1941 年前后总政治部曾开办敌军工作训练班及民运工作训练班,耀邦同志先后要我到这两个训练班兼讲政治课。当时总政有很多可供选择的资料作教材,这对我来说是一次很好的锻炼和提高。
( 四 )1942 年延安整风开始,军委直属队的整风由王稼祥同志领导,整风开始后不久,王稼祥病了,中央分工陈云同志代替。陈云告诉总政副主任谭政,要总政派一人到他身边帮助他了解军委直属队整风学习的情况,这时耀邦同志已兼任军委直属政治部主任。谭政与耀邦商量后共同确定派我去做这项工作,这样我就在陈云同志身边由他指定我去何部门参加整风会议,将情况直接向他汇报,主要是讨论整风文件时大家提过什么问题,有什么不同意见,争论的焦点在哪里,整风学习要注意解决什么认识问题等等。
按照陈云同志的要求,我先后参加了军委直属队几个单位包括军委直属政治部和军委供给部的整风学习讨论会,了解到当时大家议论比较多的有两个问题。一个是如何看待事物的性质,评论干部的工作和行为时主要应该看做事的动机还是应主要看效果。另一个问题是干部应该到什么地方去学习 ? 是连续在学校里学习好 ? 还是在工作岗位上学习好 ? 对这两个问题有不同意见,有的小组讨论时,争论得很热烈。
这些情况我直接向陈云同志汇报过,陈云同志也谈过他的看法和意见 ( 注 3) 。由于大家对整风学习情况都很关心,耀邦同志通过军委直属政治部与各单位联系,让各部门与各单位的学习委员都知道。后来稼祥同志身体逐渐康复,我这项工作任务就结束了。
这些往事虽过去多年,对耀邦同志谆谆善诱,诲人不倦的精神我是不会忘怀的。
注 1 :我第一次进抗大是在 1937 年 8 月,进入抗大第二期四大队十四队学习,不久因美国新闻记者海伦.福斯特.斯诺准备随八路军部队赴山西前方采访,我任翻译,中央组织部调我出来,因单独行军不便,与丁玲领导的西北战地服务团同行。后海伦.斯诺改变行程回北平去了。

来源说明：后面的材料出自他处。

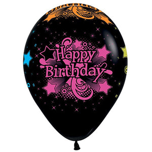 Sempertex 30cm Happy Birthday Fashion Black & Neon Latex Balloons 12PK Pack of 12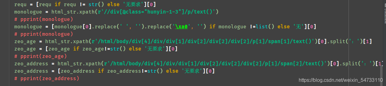 monologue = html_str.xpath(r'//div[@class="hunyin-1-3"]/p/text()')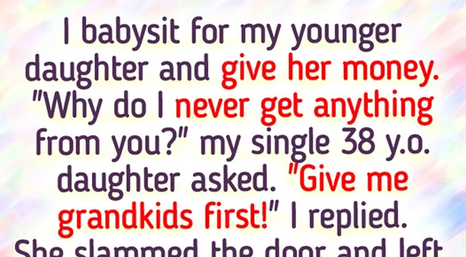 I babysit for my younger daughter and give her money. “Why do I never get anything from you?” my single 38-year-old daughter asked. “Give me grandkids first!” I replied.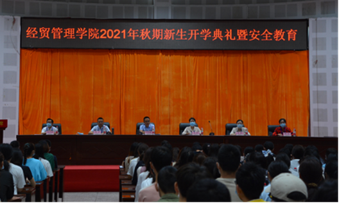 2021年9月17日,经贸管理学院2021级新生开学典礼及安全教育大会在B区大学生活动中心举行。经贸管理学院全体干部、部分教师和564名大一新生参加典礼。welcome皇冠地址党委常委、副院长王志刚出席典礼并讲话。开学典礼由党总支书记周杰主持。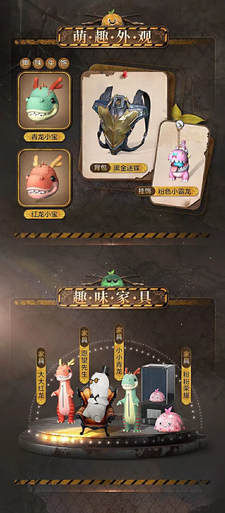 携同一大波趣味玩法和专属惊喜降临废土!在丰收广场邂逅“TA”们,——无论是被称之为【愿望先生】的酷炫羊驼、还是萌态可掬摇摇晃晃的【小小青龙&大大红龙】,都可以作为【永久家具】收入囊中,和幸存者在庄园中作伴!同款【青龙小宝 & 红龙小宝】头饰、限定背包【黑金迷蝶】、萌趣挂饰【粉色小霸龙】、头像、名片框、头顶表情等多种奖励,等待你一起抱回家!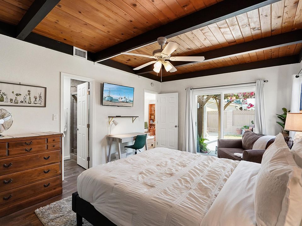 Fully Furnished-Clean, newly designed home with new mattresses, wifi, bbq, smart tvs, and one car garage in a quiet community close to beaches, hospitals, and schools.

注 2 :红四方面军西路军一部因分散进行游击战争从甘肃进入新疆时在 1936 年冬,当时新疆统治者盛世才在特殊情况下同意设立新兵营,将分散的战士与干部约 400 人左右集中起来由我方加以训练。
注 3 :详见余建亭《经济工作文集》下卷 683 页《回忆向陈云同志汇报整风学习情况》 1997 年 8 月 7 日 。